Opening milk prices were likely to be down on the same time last year when the season starts in about six weeks time, according to a leading industry analyst.
Bridgecape Commodities managing director Scott Briggs was addressing the inaugural Dairy Farmers Victoria (DFV) forum, Melbourne.
Last year, Fonterra Australia announced an opening weighted average milk price for the 2023-24 season of $8.65/ kilogram milk solids.
"I think we will see a price that probably declines, on last year, but June has a long way to play out and the base for me is that global milk price of $7.75c/kilogram milk solids (kg/MS)," he said.
"I can see anything from an opening price from $7.75c/kg MS to maybe even $8.25c/kg MS - it's going to depend very much on how much competition there is for milk, and how that plays out in June."
Final prices, this season, averaged between $9.35-9.40c/kg MS.
About 85 per cent of Australian dairy products, whether that be liquid fresh milk, butter or skim milk power were linked to an "import parity price", Mr Briggs said.
Such products were effectively competing against imports, he said.
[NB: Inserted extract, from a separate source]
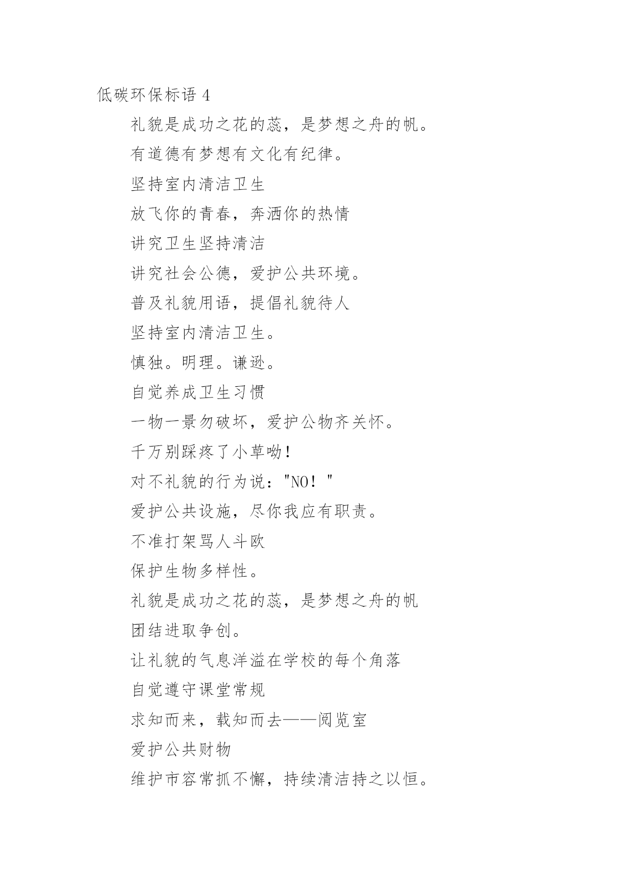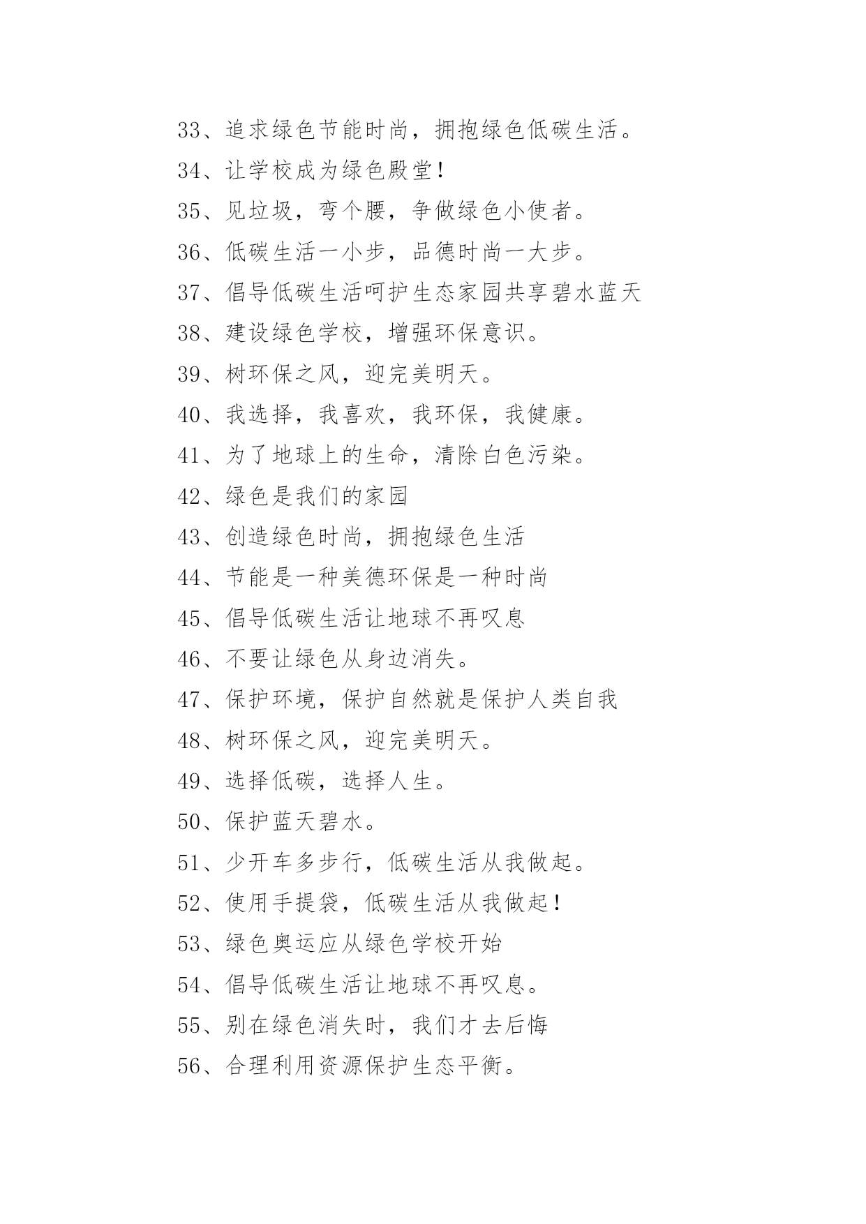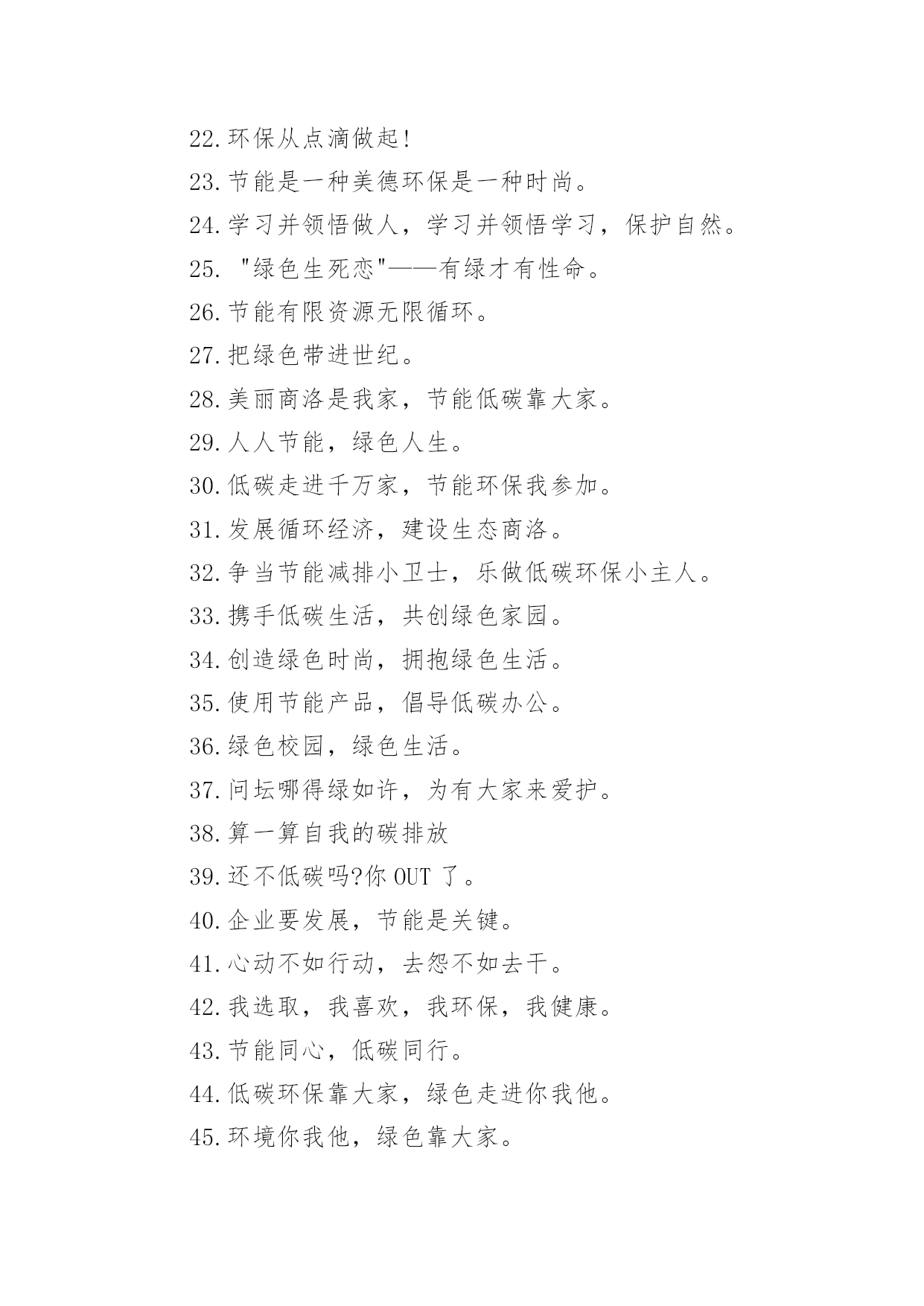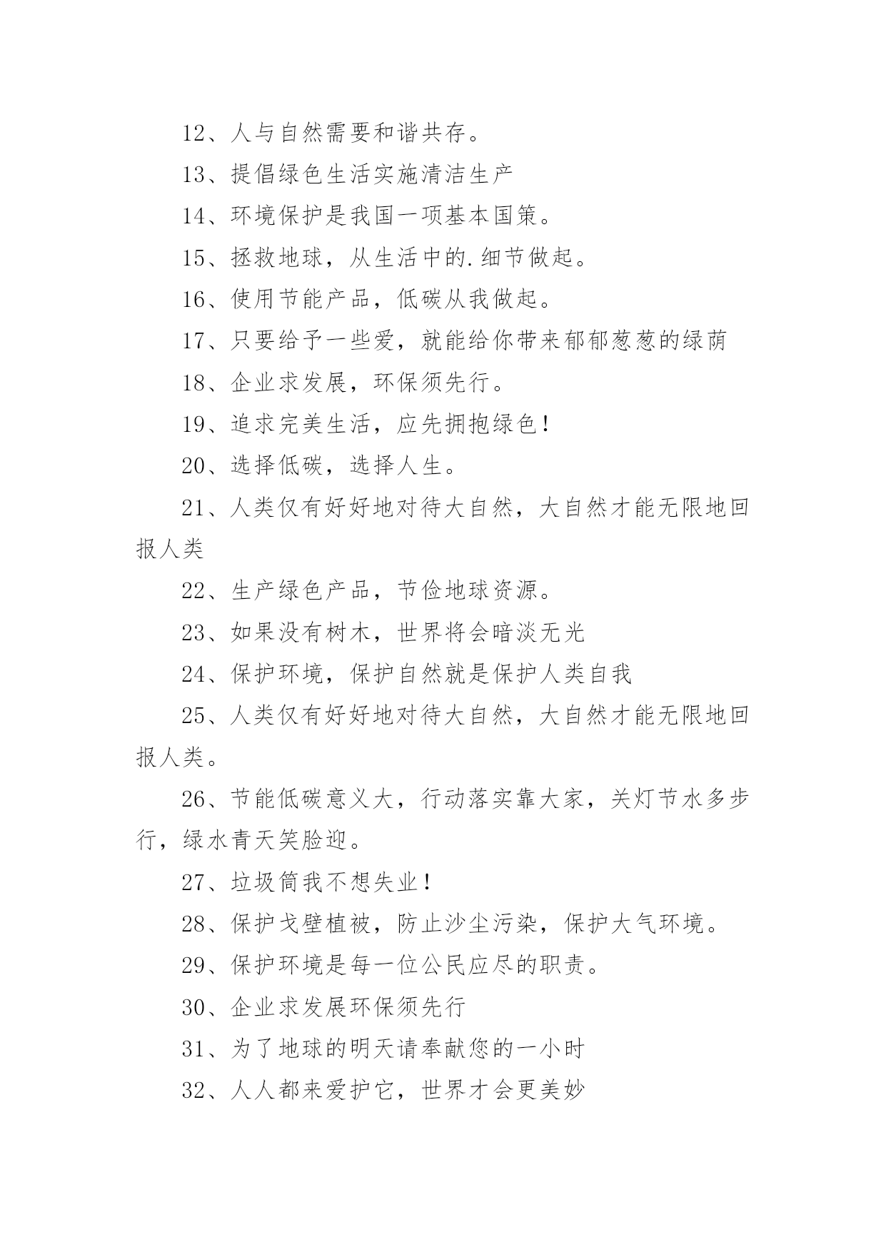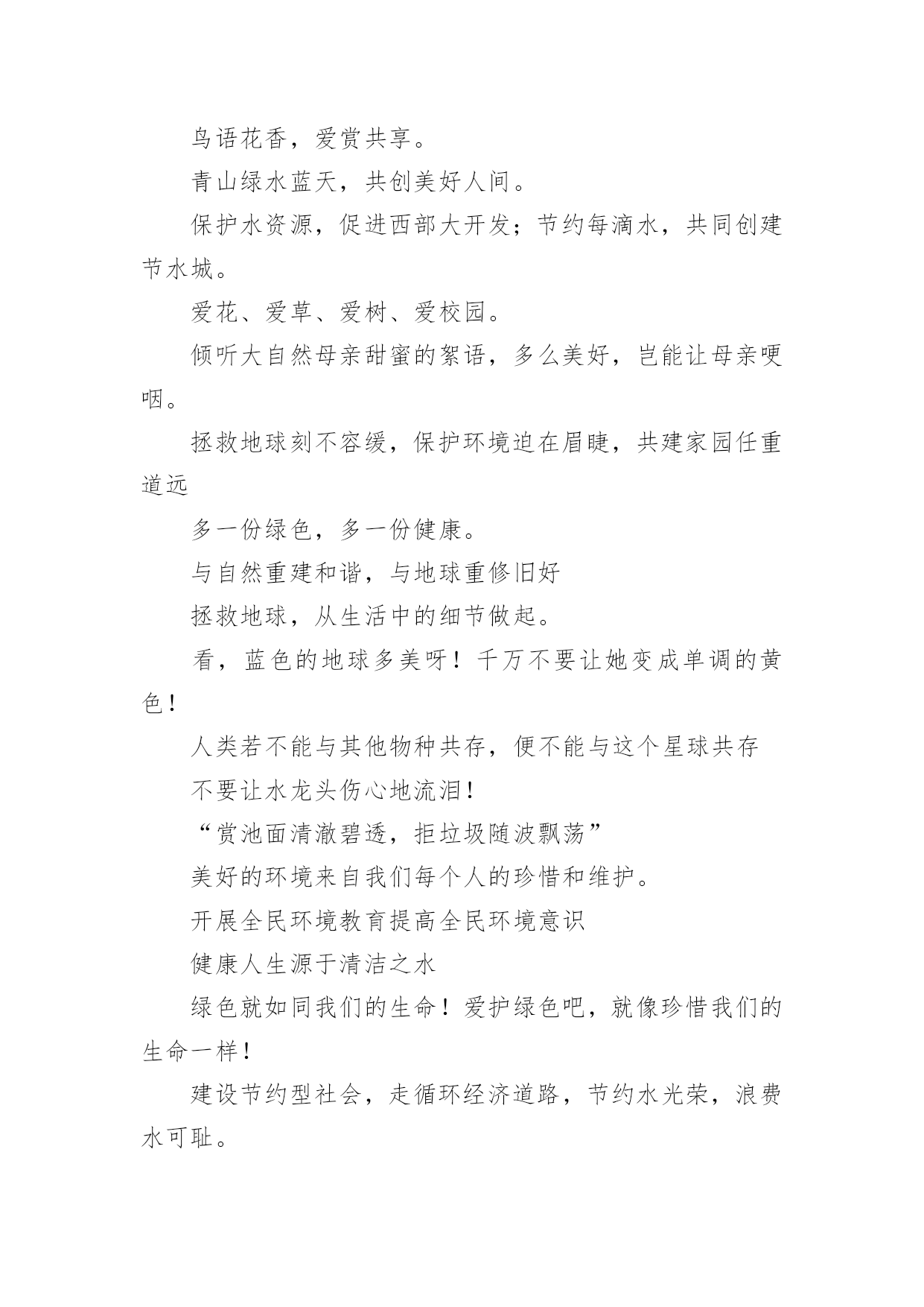 低碳环保标语低碳环保标语在日常学习、工作或生活中,大家最不陌生的就是标语了吧,标语不但折射着时代精神,也体现了执政的方向和智慧,其意义和作用是不容忽视的。你知道什么样的标语才能算得上是好的标语吗?下面是小编帮大家整理的低碳环保标语,希望能够帮助到大家。低碳环保标语11、喝洁净的水,呼吸新鲜的空气,这需要您每时每刻爱护环境!2、绿色生死恋有绿才有生命。3、当绿色褪去,就意味着人类走向命运的低谷。4、同享低碳生活,共建绿色家园。5、学校一片绿,学生心中一片春6、喝洁净的水,呼吸新鲜的空气,这需要您每时每刻爱护环境!7、天蓝水清地绿居佳8、提高环境保护意识,爱护我们共有家园。9、让我们共同拥有一个绿色的地球。10、保护环境,保护自然就是保护人类自我。11、只要给予一些爱,就能给你带来郁郁葱葱的绿荫12、人与自然需要和谐共存。13、提倡绿色生活实施清洁生产14、环境保护是我国一项基本国策。15、拯救地球,从生活中的.细节做起。16、使用节能产品,低碳从我做起。17、只要给予一些爱,就能给你带来郁郁葱葱的绿荫18、企业求发展,环保须先行。19、追求完美生活,应先拥抱绿色!20、选择低碳,选择人生。21、人类仅有好好地对待大自然,大自然才能无限地回报人类22、生产绿色产品,节俭地球资源。23、如果没有树木,世界将会暗淡无光24、保护环境,保护自然就是保护人类自我25、人类仅有好好地对待大自然,大自然才能无限地回报人类。26、节能低碳意义大,行动落实靠大家,关灯节水多步行,绿水青天笑脸迎。27、垃圾筒我不想失业!28、保护戈壁植被,防止沙尘污染,保护大气环境。29、保护环境是每一位公民应尽的职责。30、企业求发展环保须先行31、为了地球的明天请奉献您的一小时32、人人都来爱护它,世界才会更美妙33、追求绿色节能时尚,拥抱绿色低碳生活。34、让学校成为绿色殿堂!35、见垃圾,弯个腰,争做绿色小使者。36、低碳生活一小步,品德时尚一大步。37、倡导低碳生活呵护生态家园共享碧水蓝天38、建设绿色学校,增强环保意识。39、树环保之风,迎完美明天。40、我选择,我喜欢,我环保,我健康。41、为了地球上的生命,清除白色污染。42、绿色是我们的家园43、创造绿色时尚,拥抱绿色生活44、节能是一种美德环保是一种时尚45、倡导低碳生活让地球不再叹息46、不要让绿色从身边消失。47、保护环境,保护自然就是保护人类自我48、树环保之风,迎完美明天。49、选择低碳,选择人生。50、保护蓝天碧水。51、少开车多步行,低碳生活从我做起。52、使用手提袋,低碳生活从我做起!53、绿色奥运应从绿色学校开始54、倡导低碳生活让地球不再叹息。55、别在绿色消失时,我们才去后悔56、合理利用资源保护生态平衡。57、绿色象征生命,珍惜生命,环保第一58、如果没有树木,世界将会暗淡无光59、保护环境从我做起,爱护学校从学生做起。60、水清自然甜,水浑人人厌。61、给我一片绿,还你一片荫62、保护环境,从我做起63、树立低碳理念创立绿色家园。64、建设绿色学校,增强环保意识。65、美化生活,净化心灵。67、提倡绿色生活实施清洁生产68、树立节水意识,反对浪费水源。69、提高环境保护意识爱护我们共有家园70、低碳让生活更时尚节俭让生活更美丽71、提高环境道德水平建设礼貌小康城区72、追求绿色时尚,拥抱绿色生活。73、爱无限,绿无边74、保护环境是每一个公民应尽的职责。75、保护生态环境,就是爱护自我76、节能低碳大舞台,企业有你更精彩。77、树木拥有绿色,地球才有脉搏。78、保护环境从我做起,爱护学校从学生做起。79、低碳节能,企业先行。80、建设绿色学校,增强环保意识81、家园仅有一个,地球不能克隆。82、节能,有限资源无限循环。83、问坛哪得绿如许,为有大家来爱护。84、提高环境道德水平建设礼貌小康城区85、学校一片绿,学生心中一片春。86、保护环境,少说多做,让学校成为绿色的殿堂87、选择低碳,选择人生。88、绿色象征生命,珍惜生命,环保第一89、环境你我他,绿色靠大家。90、企业求发展,环保须先行。91、树木拥有绿色,地球才有脉搏92、节能,有限资源无限循环。93、树立低碳理念,创立绿色家园。94、低碳生活一小步品德时尚一大步95、保护环境从我做起,爱护学校从学生做起96、推广节水型用水器具和设备,提高用水效益。97、环境保护,人人有责。98、节俭,节能,节节相关;环境,环保,环环相扣。99、我选择,我喜欢,我环保,我健康100、污染环境,千夫指,保护环境,万人颂。低碳环保标语2环保做不好,生命就难保。爱护公物,人人有责!习惯违章危害大,要想根治有办法,加强管理措施硬,还有重奖和重罚。鸟语花香,爱赏共享。青山绿水蓝天,共创美好人间。保护水资源,促进西部大开发;节约每滴水,共

"The June contracting, last year, got quite out of control - understandably there was a lot of competition for milk, at the time," he said.
He said there was always going to be a desire from processors to grow their milk pool
"I think the processors have said they are keen to grow in some areas and maybe shrink in others to optimise their milk pool," he said.
"I think there is always competition at a price.
"I think up around the mid 800c/kg MS, or a bit higher, you may get to a point where processors feel like they want to hold onto their milk, but maybe they don't want to grow their supply.
"The nature of June really saw prices really ratchet up and get well above what global prices were, at the time."
It had been a difficult couple of years for processors, which had highlighted issues with the once-a-year release of prices, Mr Briggs said.
"The market can move down, or move up, and at some stage that leaves winners or losers, whether that's processors or farmers," he said.
"In terms of competition, we have seen a little bit more milk this year, just naturally - and probably, really importantly, there has been a fall in demand on the retail shelf.
"It hasn't been as strong, as it has in past years."
Part of the fall in global prices had been the situation in China, he said.
Imports into China fell 20pc in the past 12-18 months.
"While we have had 20pc food inflation, here and in the US, in China it's running at sub 5pc, because the farmgate is subsidising the consumer," he said.
"Whilst poor margins on farm would result in milk production dropping - quite precipitously - farmers haven't been allowed to cut production.
"There are contracts for a certain amount of production and there are some subsidies going in there, but they are also being forced to sell spot milk."
A lot of farms were also owned by manufacturers.
"Two or three manufacturers own 60-70pc of the cows," he said.
The action of the Chinese authorities had driven a decline in commodity prices, he said.
"That comes back to the Australian farmgate, either via getting less value for our exports or having to compete with cheaper imports," he said.